§ Exercise details:
Repeat, word for word, all the data that follows, and exclude the pictures.

[[ Recorded data, beginning ]]

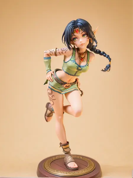 Outfit Words: "black hair, braid, tattoo, green eyes, midriff, green shirt, navel, miniskirt, necklace, earrings, circlet, bare shoulders, pointy ears, elf, jewelry"
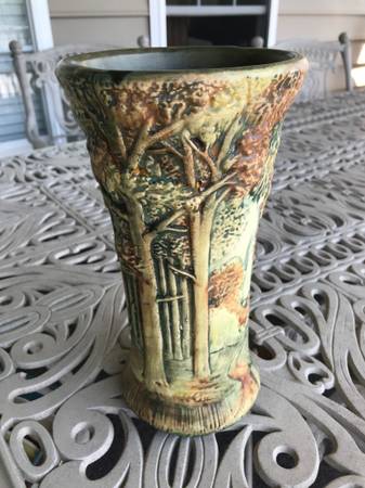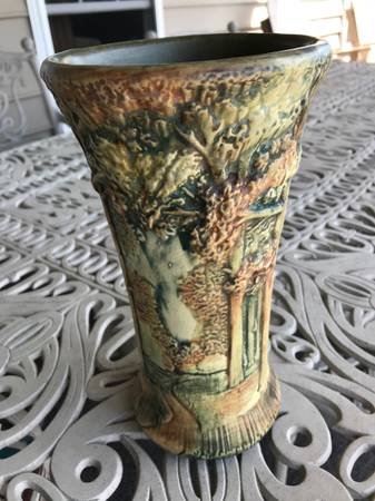 • Weller Forest 1920s Vintage Art Pottery Scenic Landscape Vase
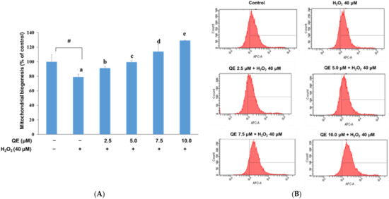 Effects of quercetin on mitochondrial biogenesis following H2O2-induced oxidative stress in the SH-SY5Y cells. (A) Quantitative results of mitochondrial biogenesis in each group according to (B). (B) Representative profiles of the mitochondrial biogenesis detected by flow cytometry using Mito Tracker Red FM. The SH-SY5Y cells were incubated with 40 μM H2O2 for 24 h after the addition of 2.5, 5.0, 7.5, and 10.0 μM quercetin for 24 h. Data were presented as mean ± SD. # Data are analyzed using an independent t-test and are significantly different from the control group. Bars of 0, 2.5, 5.0, 7.5, and 10.0 μM quercetin with different letters significantly differ. Statistical analysis was performed using a one-way ANOVA, followed by a least significant difference post hoc test (n = 3).
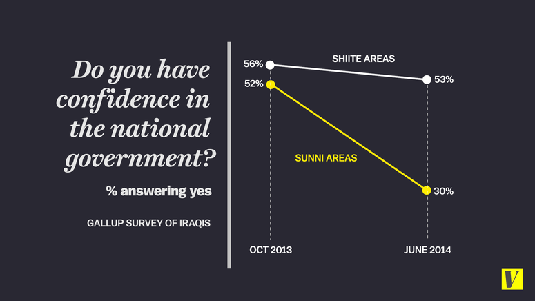 هذه الصورة توضح فقدان السنة العراقيين الثقة في حكومتهم بين أكتوبر 2013 ويونيو 2014
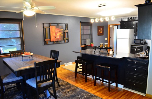 Our beautifully furnished home located in Sergeant Bluff, Iowa is located in a safe, quiet neighborhood featuring two bedrooms upstairs with king and queen beds, two bathrooms, laundry, fully furnished kitchen, living rooms with flat screen television, office, and three season porch. In the furnished basement we have two rooms featuring three queen beds, these are considered Day Rooms as there are no egress windows, sectional and flat screen television in the family area. Amenities include free wi-fi, washer, dryer, dishwasher, fenced yard, outdoor gas grill, attached single car garage with door opener, central air-conditioning and water softener.
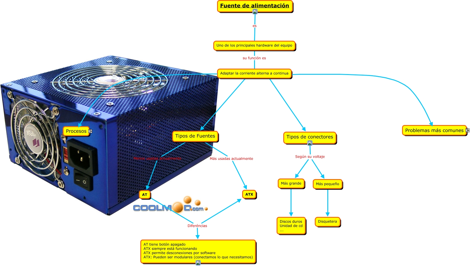 Fuentes de alimentación, Adaptar la corriente alterna a continua ???? Tipos de conectores, Adaptar la corriente alterna a continua ???? Problemas más comunes, Filtrado Consiste en Aplanar la señal (sin oscilaciones), Adaptar la corriente alterna a continua Procesos Transformación, Tipos de conectores Según su voltaje Más grande, Fuente de alimentación es Uno de los principales hardware del equipo, Tipos de conectores Según su voltaje Más pequeño, Tipos de Fuentes Más usadas actualmente ATX, Adaptar la corriente alterna a continua ???? Tipos de Fuentes, Rectificación Consiste en Corriente alterna -> Corriente contínua
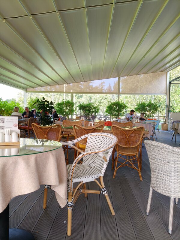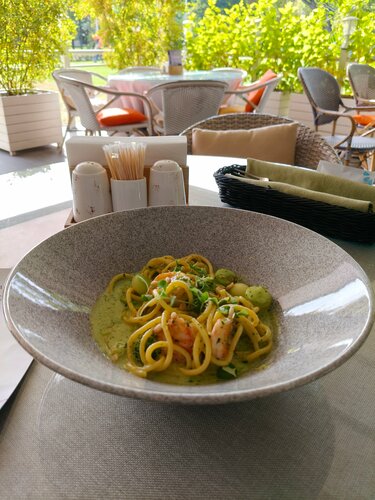Ресторанчик на территории ВДНХ, находится не в самом оживлённом месте, но в воскресенье (сентябрь 2025) много столиков занято, в том числе семьями с детьми. Есть большая летняя веранда, на которой лёгкий ветерок обдувает, а деревья вокруг и зелёная изгородь из кустов, защищают от солнца. Работают быстро и слаженно. Я выбрала пасту с креветками, скорость приготовления около 15 минут, возможно и меньше. Паста мне понравилась, но из приборов дали только вилку и нож. Фишкой заведения является возможность приготовить мини - пиццу деткам (мастер класс бесплатный в выходные с 13 до 17 час). Дети рядом со мной испекли свои пиццы. Также в ресторане имеется система лояльности, можно зарегистрироваться и получить бонусные баллы и не только.
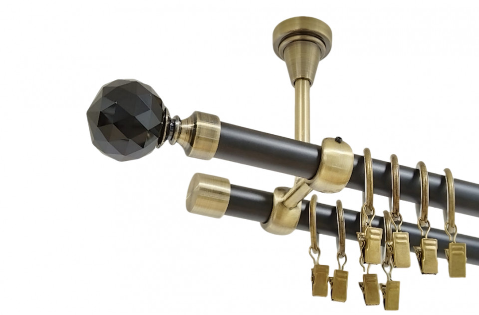 Galerie dubla kula crystal negru prindere tavan 19 mm negru aur antic
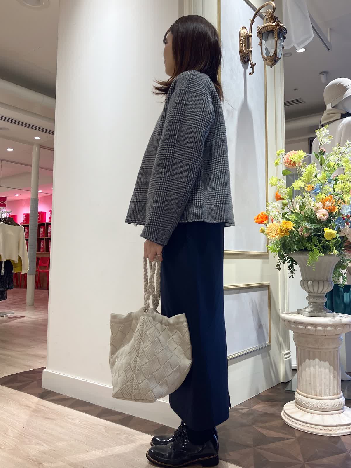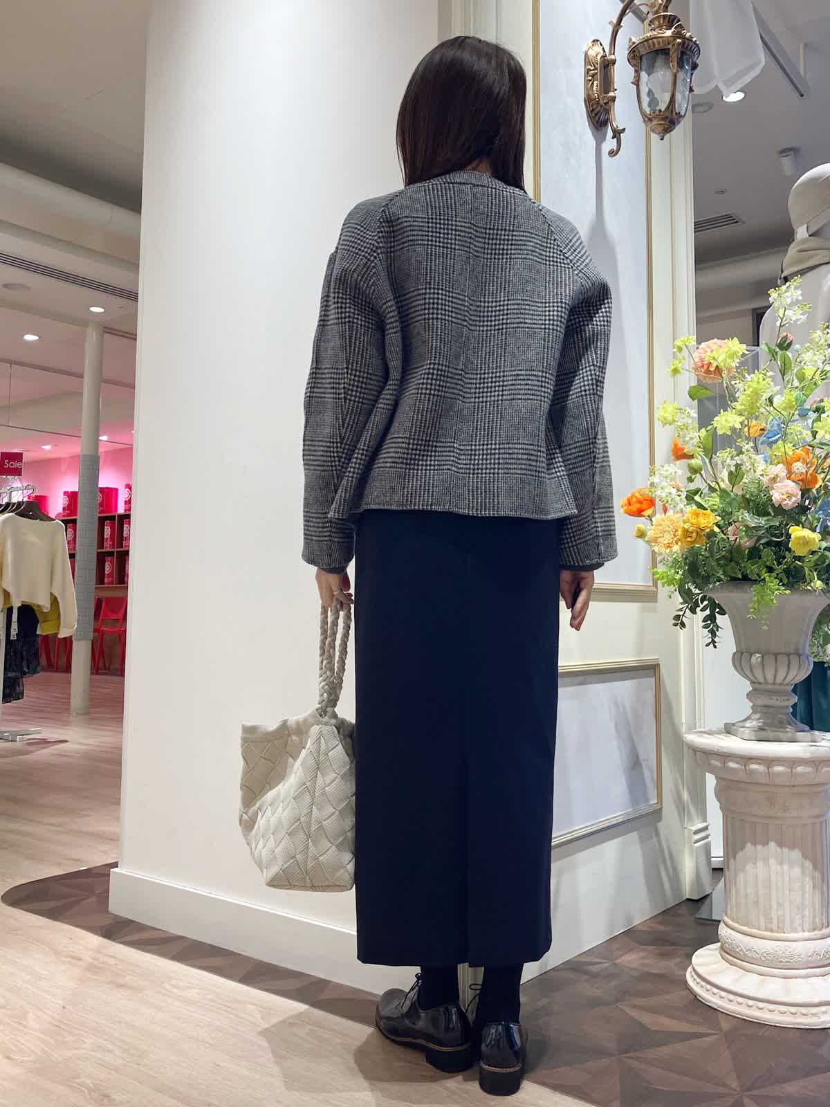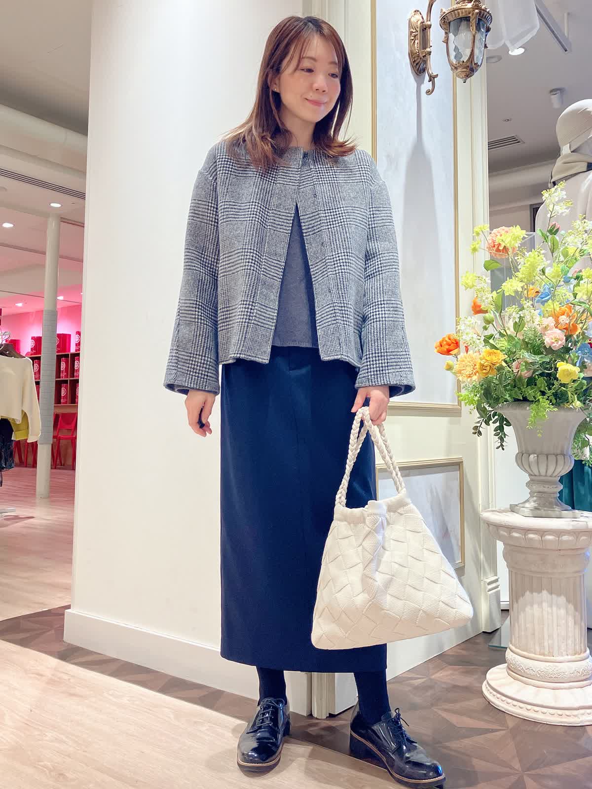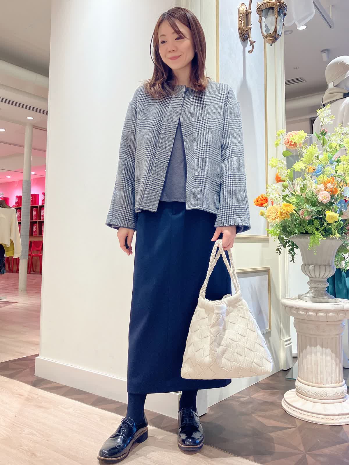 【着用サイズ】コート:9号 ニット:9号 スカート:7号 【着用カラー】コート:チャコールグレー ニット:チャコールグレー スカート:ネイビー コーディネートのテーマは冬のお出かけスタイリングです。 グレンチェックのショートコートは、リバー仕立てで、軽くて暖かくて、ジャケット感覚でも着られる優れもの。タイトスカートと合わせるときっちりした印象に。お仕事はもちろん、ちょっとした行事ごとにも大活躍のコーディネートです。
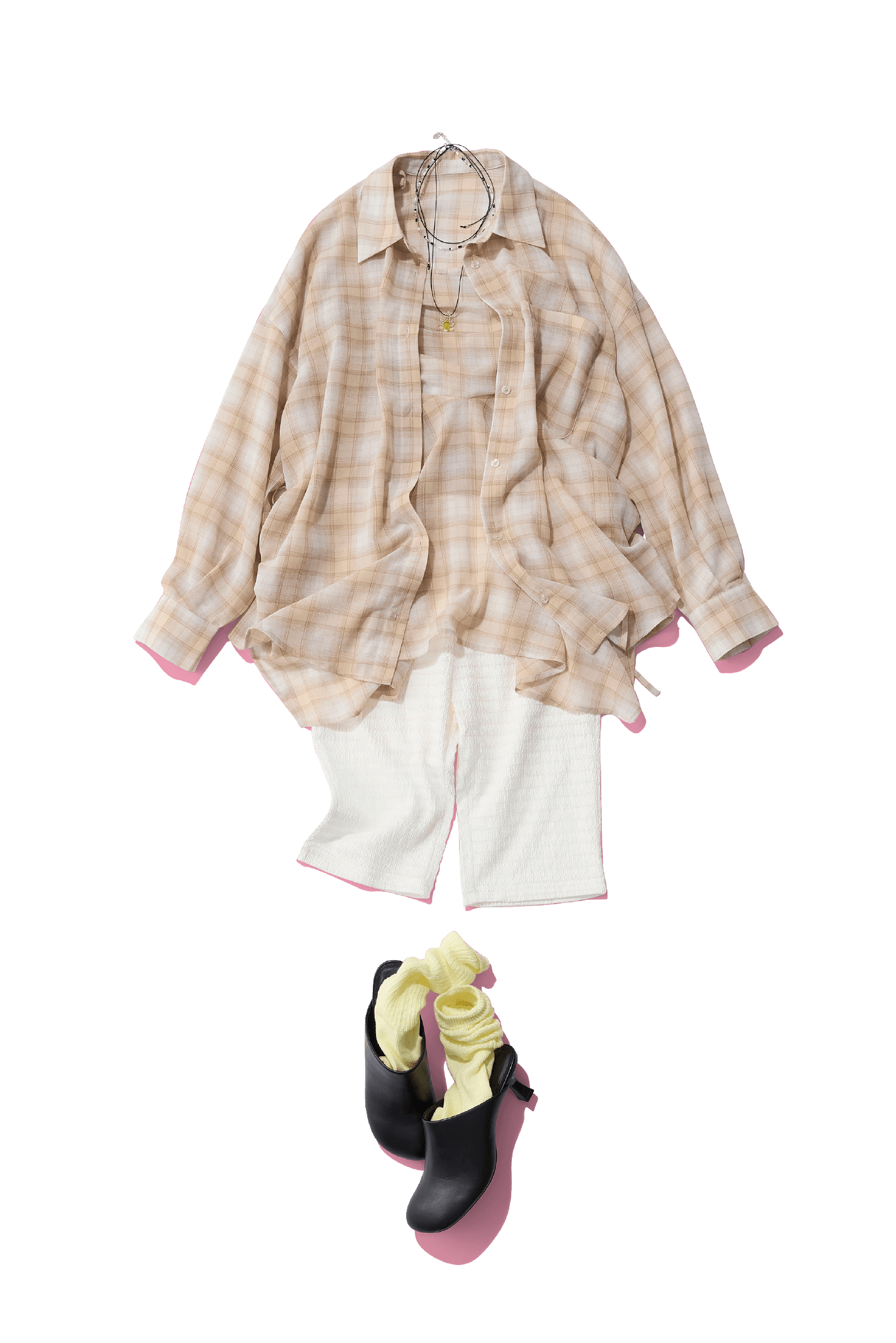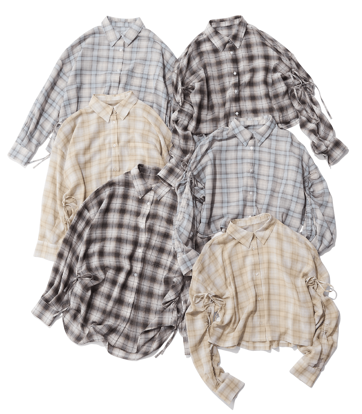 シアーな生地感にシャリ味を加えた新感覚のチェックシャツは2種類の展開。ショートver.は袖に、ロングver.は裾の脇にリボンを加えており、結ぶと立体感のあるシルエットが楽しめます。

[[ Recorded data, end ]]

§ Output for this exercise:
 Outfit Words: "black hair, braid, tattoo, green eyes, midriff, green shirt, navel, miniskirt, necklace, earrings, circlet, bare shoulders, pointy ears, elf, jewelry"
 • Weller Forest 1920s Vintage Art Pottery Scenic Landscape Vase
 Effects of quercetin on mitochondrial biogenesis following H2O2-induced oxidative stress in the SH-SY5Y cells. (A) Quantitative results of mitochondrial biogenesis in each group according to (B). (B) Representative profiles of the mitochondrial biogenesis detected by flow cytometry using Mito Tracker Red FM. The SH-SY5Y cells were incubated with 40 μM H2O2 for 24 h after the addition of 2.5, 5.0, 7.5, and 10.0 μM quercetin for 24 h. Data were presented as mean ± SD. # Data are analyzed using an independent t-test and are significantly different from the control group. Bars of 0, 2.5, 5.0, 7.5, and 10.0 μM quercetin with different letters significantly differ. Statistical analysis was performed using a one-way ANOVA, followed by a least significant difference post hoc test (n = 3).
 هذه الصورة توضح فقدان السنة العراقيين الثقة في حكومتهم بين أكتوبر 2013 ويونيو 2014
 Our beautifully furnished home located in Sergeant Bluff, Iowa is located in a safe, quiet neighborhood featuring two bedrooms upstairs with king and queen beds, two bathrooms, laundry, fully furnished kitchen, living rooms with flat screen television, office, and three season porch. In the furnished basement we have two rooms featuring three queen beds, these are considered Day Rooms as there are no egress windows, sectional and flat screen television in the family area. Amenities include free wi-fi, washer, dryer, dishwasher, fenced yard, outdoor gas grill, attached single car garage with door opener, central air-conditioning and water softener.
 Fuentes de alimentación, Adaptar la corriente alterna a continua ???? Tipos de conectores, Adaptar la corriente alterna a continua ???? Problemas más comunes, Filtrado Consiste en Aplanar la señal (sin oscilaciones), Adaptar la corriente alterna a continua Procesos Transformación, Tipos de conectores Según su voltaje Más grande, Fuente de alimentación es Uno de los principales hardware del equipo, Tipos de conectores Según su voltaje Más pequeño, Tipos de Fuentes Más usadas actualmente ATX, Adaptar la corriente alterna a continua ???? Tipos de Fuentes, Rectificación Consiste en Corriente alterna -> Corriente contínua
Ресторанчик на территории ВДНХ, находится не в самом оживлённом месте, но в воскресенье (сентябрь 2025) много столиков занято, в том числе семьями с детьми. Есть большая летняя веранда, на которой лёгкий ветерок обдувает, а деревья вокруг и зелёная изгородь из кустов, защищают от солнца. Работают быстро и слаженно. Я выбрала пасту с креветками, скорость приготовления около 15 минут, возможно и меньше. Паста мне понравилась, но из приборов дали только вилку и нож. Фишкой заведения является возможность приготовить мини - пиццу деткам (мастер класс бесплатный в выходные с 13 до 17 час). Дети рядом со мной испекли свои пиццы. Также в ресторане имеется система лояльности, можно зарегистрироваться и получить бонусные баллы и не только.
 Galerie dubla kula crystal negru prindere tavan 19 mm negru aur antic
 【着用サイズ】コート:9号 ニット:9号 スカート:7号 【着用カラー】コート:チャコールグレー ニット:チャコールグレー スカート:ネイビー コーディネートのテーマは冬のお出かけスタイリングです。 グレンチェックのショートコートは、リバー仕立てで、軽くて暖かくて、ジャケット感覚でも着られる優れもの。タイトスカートと合わせるときっちりした印象に。お仕事はもちろん、ちょっとした行事ごとにも大活躍のコーディネートです。
 シアーな生地感にシャリ味を加えた新感覚のチェックシャツは2種類の展開。ショートver.は袖に、ロングver.は裾の脇にリボンを加えており、結ぶと立体感のあるシルエットが楽しめます。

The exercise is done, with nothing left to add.